Recommendation 2 was that future Australian government communications campaigns include the following characteristics: targeted messages to key cohorts; messages that reflect the lived experience of illicit drug users and that use the experience of trusted people; providing information on addiction treatment off-ramps; and including a national schools element. I'm not suggesting that those aren't useful considerations. But one of the key things that were missing was a clear consideration of how the AFP's previous communications and often quite expensive public campaigns on drug use have been utterly without any kind of evidence base. In saying that, I do note that there was a reference to the need for some considered research and quantitative and qualitative measures for the efficacy of communications.

The reason I raise these concerns is that the Australian Federal Police spent millions of dollars of public money running a campaign called Faces of Meth, and the Faces of Meth campaign was a rebranding—a shameless rebranding—of a US education campaign that commenced in the state of Montana. It shows shocking images of corpselike faces of people that are asserted to be addicted to methamphetamines. The purpose of the Montana campaign, which was obviously dreamt up in some small office in Montana, in the United States, was to shock people into not using methamphetamines.

Now, let's be clear: methamphetamines are dangerously addictive drugs and can drastically negatively impact people's lives, including significant addiction and behavioural responses. No-one's minimising the impact of methamphetamine. But the Faces of Meth campaign, which commenced in the Montana Meth Project and then ran in a series of states in the United States, was the subject of significant academic and research review in the United States. That research was publicly available at the time that the Australian Federal Police spent millions of dollars of public money on running the exact same campaign in Australia. Indeed, the exact same faces that were used in the US campaign were just replicated in the scare campaign being run by the Australian Federal Police. Millions of dollars of public money was spent on it—money that, therefore, couldn't be used for actually effective addiction programs, for treatment programs or for things we know work.

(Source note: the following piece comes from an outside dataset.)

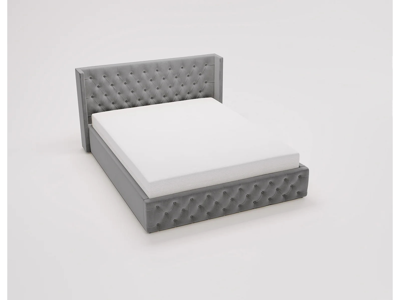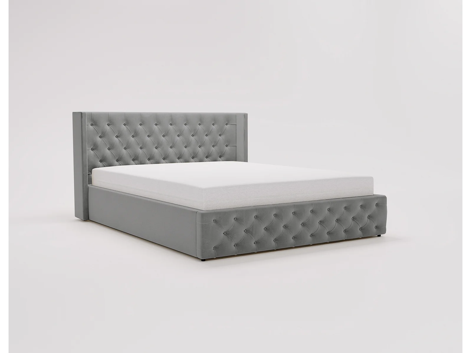 Emporius Rolia lit rembourré 140x200 lit avec rangement, sommier à lattes - lit coffre 140x200 tissu velour Gris (Magic Velvet 2217)

Worse than that: the research on the Faces of Meth project shows that it's not only not effective but also directly countereffective, particularly with young people or cohorts of people who are potentially considering taking methamphetamines. When they see the Faces of Meth advertising—the scare and fear campaign—it does two things. It increases interest in the drug and it decreases, particularly for young people, belief in the validity or credibility of public advertising on drugs. I know this because one of the key professors from the National Drug Research Institute at Curtin University told our committee this in evidence. Professor Lee said:

There are some studies in the US that relate to Faces of Meth, which the police have copied here. I think the Montana Meth Project is what it is referred to as, and there has been some outcome research. Young people in particular actually showed an increased interest in drugs. It actually advertises the drug. The tendency is to sensationalise and go to the very extreme of what drug use might look like, and young people are like, 'Well that's never going to happen to me,' so they don't connect with that message. But now they know that meth is a thing—that you can take it, that you can get it—and they start to get interested in it. So there is actually research from that Faces of Meth activity that shows that not only does it not reduce harms for users; it increases interest among young people. I think that is a huge problem.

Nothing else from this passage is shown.